#### Source data ####

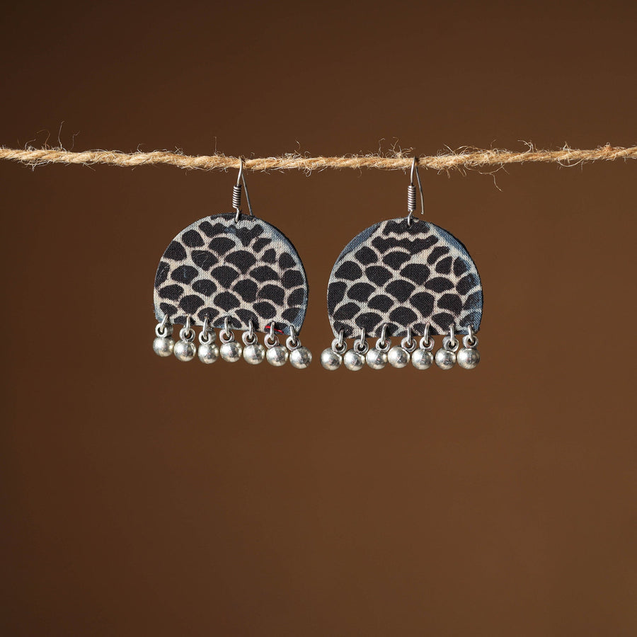 Elevate your style with our black handcrafted earrings. Intricately designed with fabric and ghungroo work, these earrings exude sophistication. Elegant and refined, they effortlessly enhance any outfit with a harmonious blend of tradition and contemporary charm.
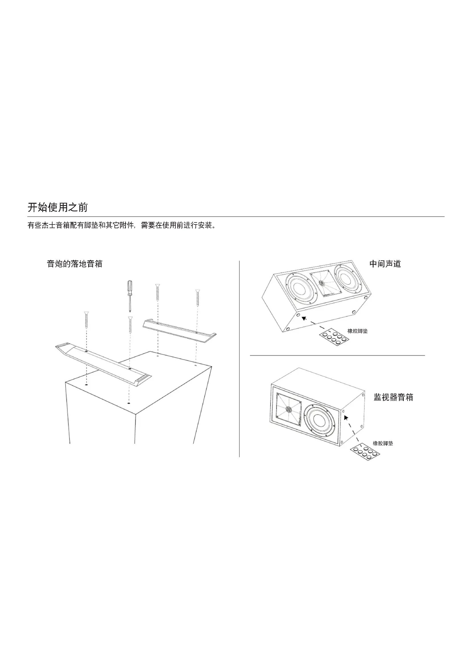 有些杰士音箱配有脚垫和其它附件,需要在使用前进行安装。 音炮的落地音箱室内音箱的布放 电气连接 左、右主声道音箱:为了获得最佳效果,杰士集团有限公司 ( KGI) 建议您把音箱分开6到15英尺( 1.8- 4.6米)放置。另外, 音箱与后墙和侧墙的距离要保持至少24英寸( 61厘米)。两个 音箱可稍微内倾,这样可以更好地再现立体声效果。收听者与音 箱的距离应该是两扬声器间距的约1至1.5倍。请参见图1和图3进
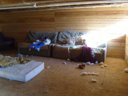 Übrigens, so sehen Sofas aus, wenn man junge Barsois hat... einen großen Teil trägt auch unsere "Urlaubs-Russin" dazu bei, die ja bis April bei uns ist, bevor sie nach England umziehen kann.
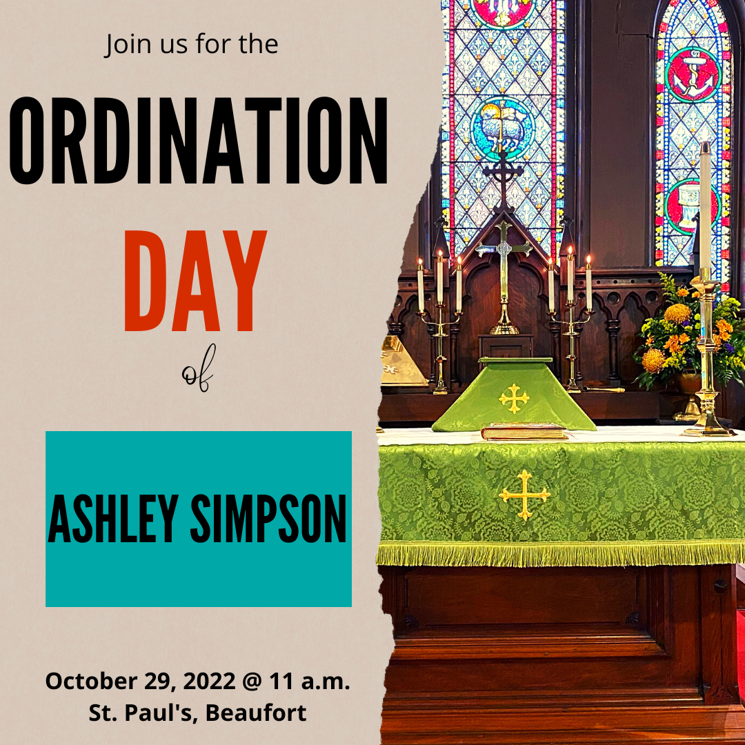By the grace of God and with the consent of the people, the Right Reverend Rob Skirving, Bishop of the Diocese of East Carolina, will ordain Ashley Danielle Simpson to the Sacred Order of Priests in Christ’s One Holy Catholic and Apostolic Church on Saturday, October 29th at 11 a.m. at St. Paul’s, Beaufort. A reception will follow. Your prayers and presence are requested.
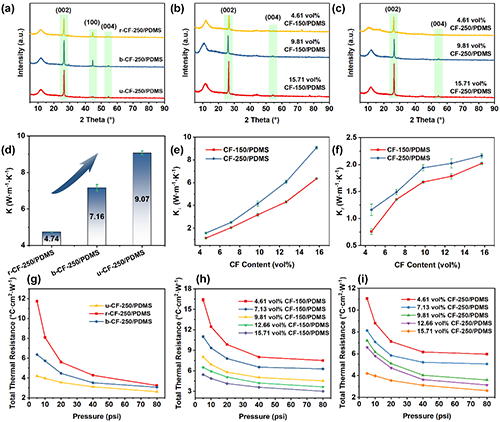 圖3 CF/PDMS復合材料的XRD譜圖、導熱系數和總熱阻
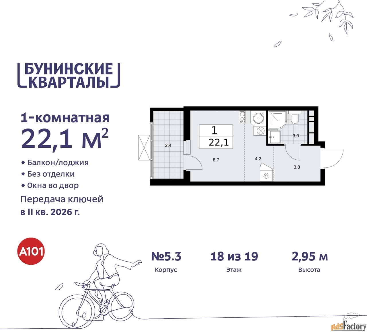 Квартира находится в корпусе 5.3. Дом монолитный, одноподъездный, высотой 19 этажей. На этаже 10 квартир. В подъезде 1 пассажирский и 1 грузовой лифт. Начало строительства - 4 квартал 2023 года. Окончание строительства - 2 квартал 2026 года. Оформление сделки по договору долевого участия.
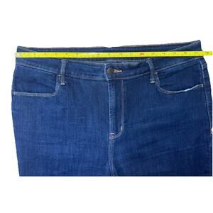 These Old Navy jeans for women in size 14 are a stylish addition to any wardrobe. With a high rise and flare style, these dark wash denim pants feature a solid pattern and a zip closure. Made with a cotton blend material that includes stretch, these machine washable jeans are comfortable to wear year-round, whether it's for a casual day out or a night on the town. The classic blue color and 5-pocket design add to the timeless appeal of these versatile denim pants.

####

* **Prompt**: Reproduce exactly, and only, the lines from the opening line of the listing above through the line holding "Übrigens, so sehen", minus the pictures.

* **Completed task**:
 Elevate your style with our black handcrafted earrings. Intricately designed with fabric and ghungroo work, these earrings exude sophistication. Elegant and refined, they effortlessly enhance any outfit with a harmonious blend of tradition and contemporary charm.
 有些杰士音箱配有脚垫和其它附件,需要在使用前进行安装。 音炮的落地音箱室内音箱的布放 电气连接 左、右主声道音箱:为了获得最佳效果,杰士集团有限公司 ( KGI) 建议您把音箱分开6到15英尺( 1.8- 4.6米)放置。另外, 音箱与后墙和侧墙的距离要保持至少24英寸( 61厘米)。两个 音箱可稍微内倾,这样可以更好地再现立体声效果。收听者与音 箱的距离应该是两扬声器间距的约1至1.5倍。请参见图1和图3进
 Übrigens, so sehen Sofas aus, wenn man junge Barsois hat... einen großen Teil trägt auch unsere "Urlaubs-Russin" dazu bei, die ja bis April bei uns ist, bevor sie nach England umziehen kann.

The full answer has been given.